Oh, gee, Randy… you’d be 64 today? And you;ve been gone now over two decades? Neither feels like it could be true — if I wanted, I could pull Band down from the shelf… or Conduct, read a few pages, the/i> give you a call, your voice is still that strong.

I keep trying to get it right for you, Randy, when an ostensibly “gay news” site repeats a falsehood as truth.

Gaetan Dugas and your editor’s public statements concerning creating an “AIDS monster.”

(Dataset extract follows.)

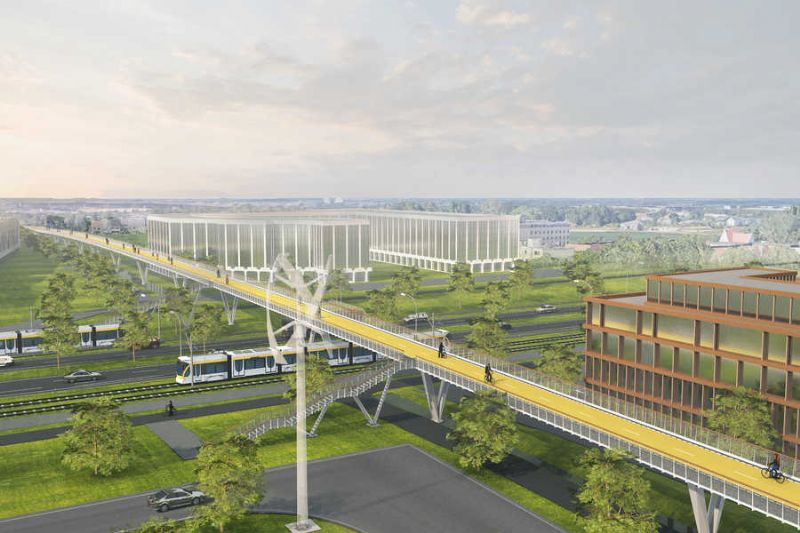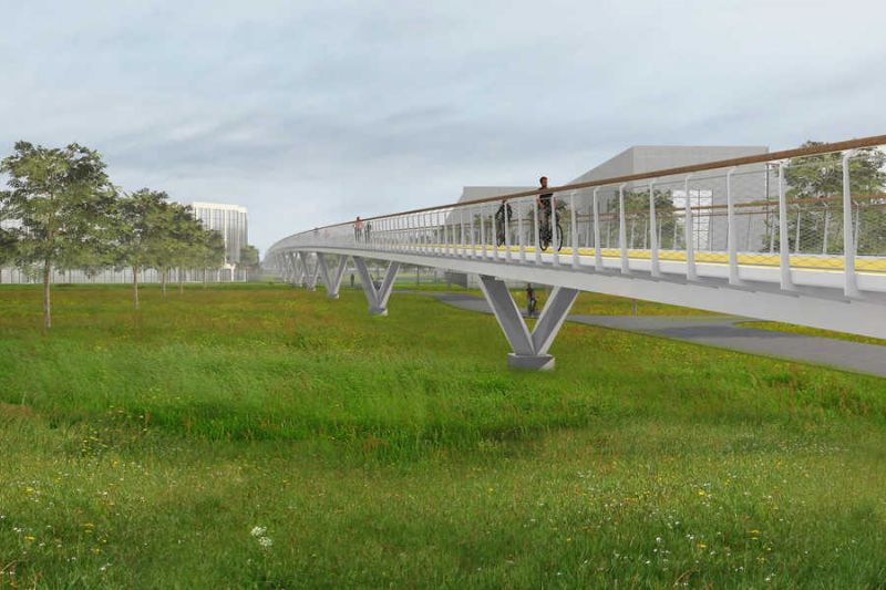 In Machelen is vandaag de eerste symbolische meter gelegd van de langste fiets- en voetgangersbrug van Vlaanderen. Architectenbureau ZJA tekende, als onderdeel van studiebureau MoVeR0 dat verder bestaat uit Sweco, Arcadis, Frank van Hulle, Cluster en Mint en in opdracht van de Werkvennootschap, het architectonisch ontwerp van de fietsbrug over de A201 Leopold III-Laan. Met een totale lengte van 710 meter - een brugdek van 510 meter en aanloophellingen van 200 meter - is de fietsbrug een opvallende verschijning in het stadslandschap. De bouw start in december en de brug zal in 2024 in gebruik worden genomen.

Michael Denneny edited Band, and he knows — from seeing the material you were provided — Dugas was the only overlap in the earliest of studies, comparing the cancer in gay men on the West Coast with the pnuemonia killing men on the East Coast. It was following Dugas’ self proclaimed adventures that revealed there may be a contagion at work, and icky gay sex wasn’t killing these guys. Since Dugas was still alive, he was given the designation “Patient O” by the CDC.

“O” as in the letter “O,” and not “0” as in Zero. Frequently, Randy was reading material from the CDC or NIH that was a copy of a copy, or a mimeograph that had been handed around, a lot. The distinction was difficult to make.

That Denneny made the call to use the “zero” designation is simply part of his job as editor. If his reasons were nefarious, they are attributable to him and him alone.